Assuming you know analysis up to the Riemann integral and some basic stuff on uniform convergence of functions, then I think almost everything I mentioned is covered in chapters 2 and 3 of Fourier Analysis: An Introduction by Stein and Shakarchi. The only exception is Carleson's Theorem, which is very hard and if you really do need it then you'd be better off treating it as a black box.

To piggy back off of danielsmw's answer...

> Fourier analysis is used in pretty much every single branch of physics ever, seriously.

I would phrase this as, "partial differential equations (PDE) are used in pretty much every single branch of physics," and Fourier analysis helps solve and analyze PDEs. For instance, it explains how the heat equation works by damping higher frequencies more quickly than the lower frequencies in the temperature profile. In fact Fourier invented his techniques for exactly this reason. It also explains the uncertainty principle in quantum mechanics. I would say that the subject is most developed in this area (but maybe that's because I know most about this area). Any basic PDE book will describe how to use Fourier analysis to solve linear constant coefficient problems on the real line or an interval. In fact many calculus textbooks have a chapter on this topic. Or you could Google "fourier analysis PDE". An undergraduate level PDE course may use Strauss' textbook whereas for an introductory graduate course I used Folland's book which covers Sobolev spaces.

If you wanted to study Fourier analysis without applying it to PDEs, I would suggest Stein and Shakarchi or Grafakos' two volume set. Stein's book is approachable, though you may want to read his real analysis text simultaneously. The second book is more heavy-duty. Stein shows a lot of the connections to complex analysis, i.e. the Paley-Wiener theorems.

A field not covered by danielsmw is that of electrical engineering/signal processing. Whereas in PDEs we're attempting to solve an equation using Fourier analysis, here the focus is on modifying a signal. Think about the equalizer on a stereo. How does your computer take the stream of numbers representing the sound and remove or dampen high frequencies? Digital signal processing tells us how to decompose the sound using Fourier analysis, modify the frequencies and re-synthesize the result. These techniques can be applied to images or, with a change of perspective, can be used in data analysis. We're on a computer so we want to do things quickly which leads to the Fast Fourier Transform. You can understand this topic without knowing any calculus/analysis but simply through linear algebra. You can find an approachable treatment in Strang's textbook.

If you know some abstract algebra, topology and analysis, you can study Pontryagin duality as danielsmw notes. Sometimes this field is called abstract harmonic analysis, where the word abstract means we're no longer discussing the real line or an interval but any locally compact abelian group. An introductory reference here would be Katznelson. If you drop the word abelian, this leads to representation theory. To understand this, you really need to learn your abstract/linear algebra.
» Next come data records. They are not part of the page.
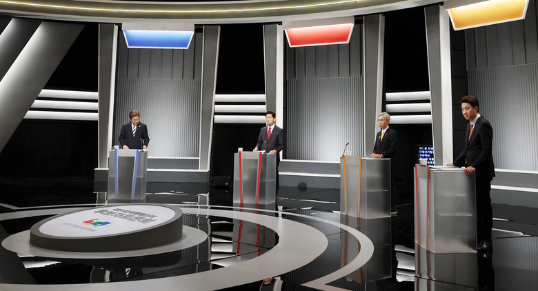 더불어민주당 이재명·국민의힘 김문수·민주노동당 권영국·개혁신당 이준석 대선후보가 23일 서울 영등포구 여의도 KBS 스튜디오에서 열린 제21대 대선 2차 후보자 토론회를 준비하고 있다. 2025.5.23 [국회사진기자단]
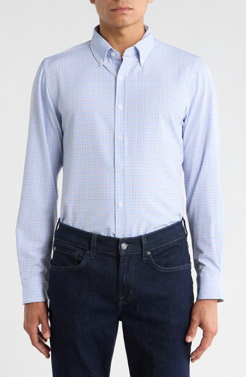 Plaid stretchy performance fabric defines this button-up shirt featuring a button-down collar and a curved hem for effortless style.
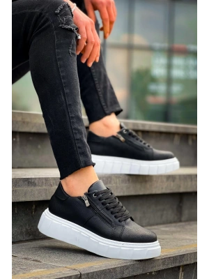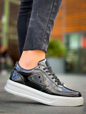 KB-X155 Kuback Siyah Cilt Detaylı Siyah Yüksek Taban Günlük Spor Ayakkabı

Random links which may spark your interest:

• Fourier analysis also finds applications in number theory, for example in the Hardy-Littlewood circle method.
  
• Solving cubic equation using discrete Fourier transform
  
• The Wavelet transform
  
• Fourier optics
  
• Monstrous moonshine
  
• Fractional Laplacian/calculus

I've heard that Fourier Analysis: An Introduction by Stein and Shakarchi is an excellent text. Actually all four books in that series have been given glowing reviews by the people I've spoken to. I plan to pick up all of them once I find them cheap enough...

It may interest you that one of the authors, Elias Stein, is a leading figure in the field of harmonic analysis.